With pictures excluded, copy word for word the lines in the data below from the line containing "an NYU dorm." through the line containing "ACO Purify Exfoliant".

> **Data for this exercise**:

.....

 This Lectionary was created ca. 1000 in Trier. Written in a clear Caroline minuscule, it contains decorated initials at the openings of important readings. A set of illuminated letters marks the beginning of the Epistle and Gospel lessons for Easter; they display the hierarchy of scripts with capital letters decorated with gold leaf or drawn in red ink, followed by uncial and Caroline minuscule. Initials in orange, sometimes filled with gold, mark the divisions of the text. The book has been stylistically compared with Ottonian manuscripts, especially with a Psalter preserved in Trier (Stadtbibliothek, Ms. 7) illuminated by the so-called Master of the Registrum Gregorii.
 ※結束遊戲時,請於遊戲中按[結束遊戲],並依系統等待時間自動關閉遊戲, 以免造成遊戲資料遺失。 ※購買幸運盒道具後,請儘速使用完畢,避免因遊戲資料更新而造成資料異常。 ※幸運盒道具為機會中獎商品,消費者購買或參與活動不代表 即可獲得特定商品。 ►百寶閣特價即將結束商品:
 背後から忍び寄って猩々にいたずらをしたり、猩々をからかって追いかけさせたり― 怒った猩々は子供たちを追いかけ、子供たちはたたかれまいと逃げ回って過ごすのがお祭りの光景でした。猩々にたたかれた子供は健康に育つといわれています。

.....

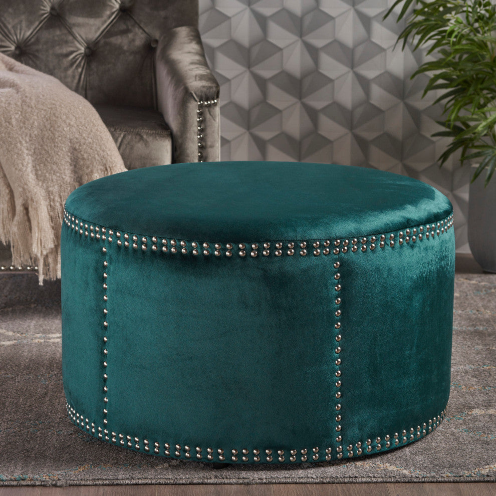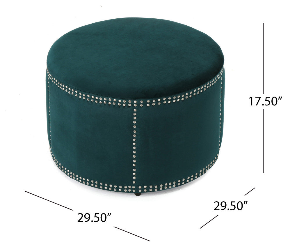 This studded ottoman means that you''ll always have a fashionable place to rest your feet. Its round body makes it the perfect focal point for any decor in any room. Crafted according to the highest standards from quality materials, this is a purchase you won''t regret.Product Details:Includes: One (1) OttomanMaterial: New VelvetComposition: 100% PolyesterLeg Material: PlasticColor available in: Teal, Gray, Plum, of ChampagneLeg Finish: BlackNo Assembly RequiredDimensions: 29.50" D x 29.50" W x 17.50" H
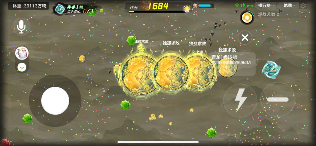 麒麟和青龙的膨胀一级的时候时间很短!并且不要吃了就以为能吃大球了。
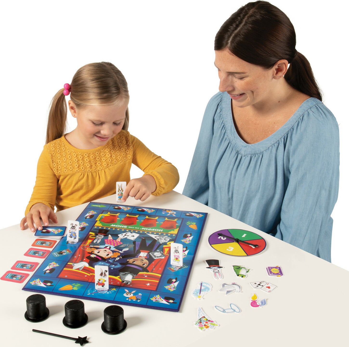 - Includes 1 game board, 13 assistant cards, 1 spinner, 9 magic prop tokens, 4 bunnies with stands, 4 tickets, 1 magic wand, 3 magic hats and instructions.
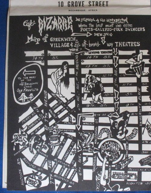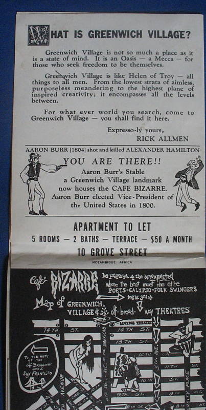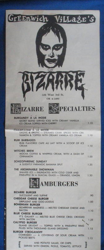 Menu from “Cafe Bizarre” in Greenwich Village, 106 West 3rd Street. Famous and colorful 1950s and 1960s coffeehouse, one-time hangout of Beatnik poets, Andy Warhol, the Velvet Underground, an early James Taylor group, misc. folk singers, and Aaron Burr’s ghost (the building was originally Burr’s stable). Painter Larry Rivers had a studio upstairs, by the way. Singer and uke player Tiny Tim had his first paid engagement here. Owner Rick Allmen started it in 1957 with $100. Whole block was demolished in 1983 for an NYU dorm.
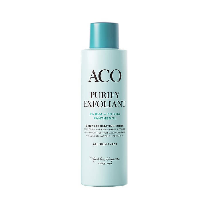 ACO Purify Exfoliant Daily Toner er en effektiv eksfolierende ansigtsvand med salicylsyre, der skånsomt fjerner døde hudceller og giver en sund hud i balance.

.....

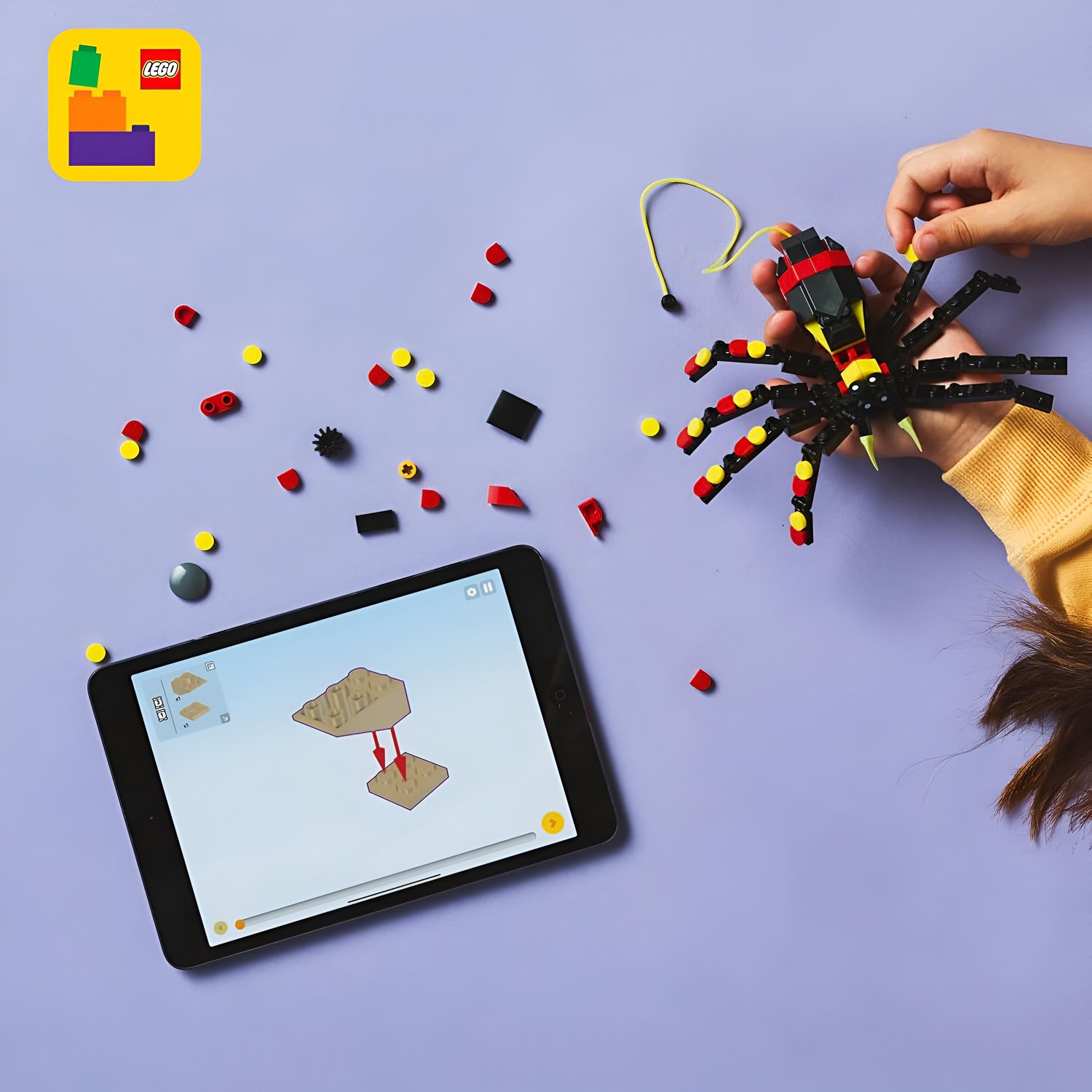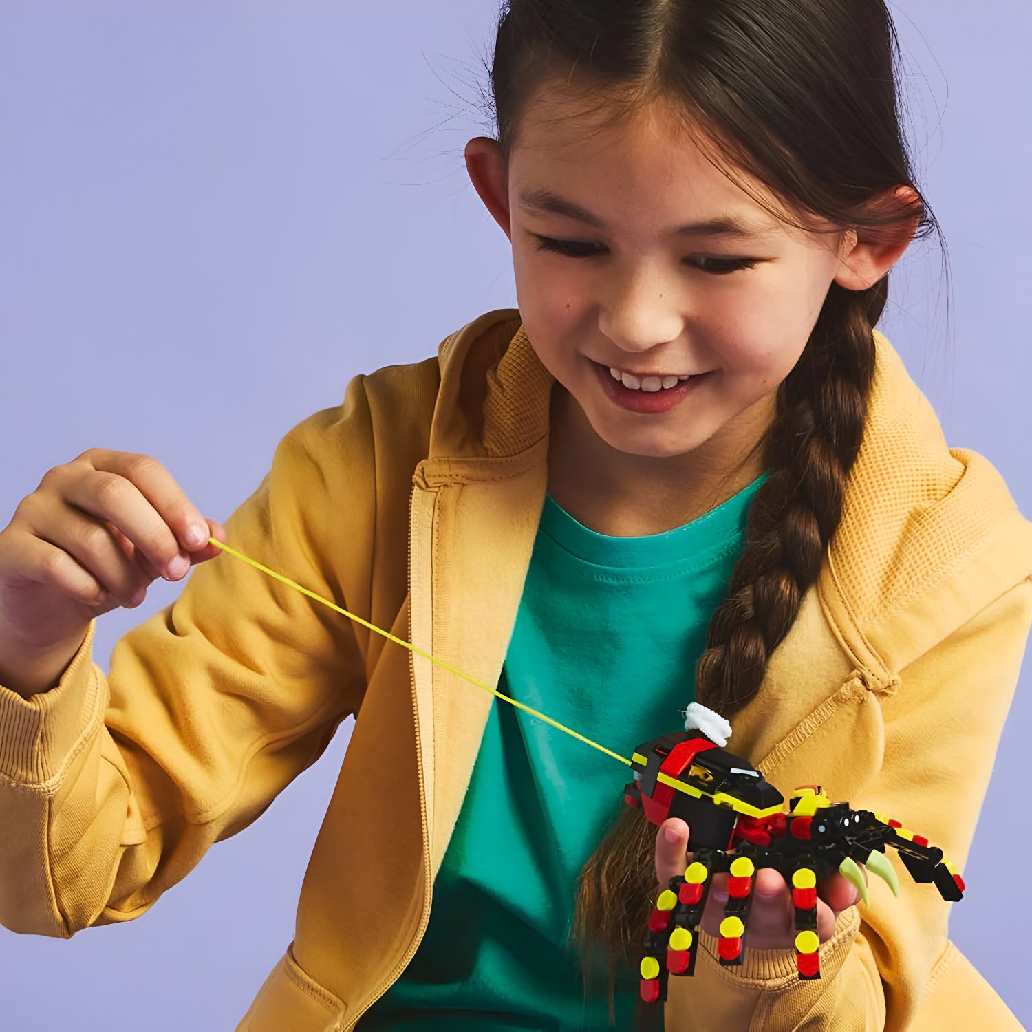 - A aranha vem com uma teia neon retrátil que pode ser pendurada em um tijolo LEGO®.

.....

> **Completed task**:
 Menu from “Cafe Bizarre” in Greenwich Village, 106 West 3rd Street. Famous and colorful 1950s and 1960s coffeehouse, one-time hangout of Beatnik poets, Andy Warhol, the Velvet Underground, an early James Taylor group, misc. folk singers, and Aaron Burr’s ghost (the building was originally Burr’s stable). Painter Larry Rivers had a studio upstairs, by the way. Singer and uke player Tiny Tim had his first paid engagement here. Owner Rick Allmen started it in 1957 with $100. Whole block was demolished in 1983 for an NYU dorm.
 ACO Purify Exfoliant Daily Toner er en effektiv eksfolierende ansigtsvand med salicylsyre, der skånsomt fjerner døde hudceller og giver en sund hud i balance.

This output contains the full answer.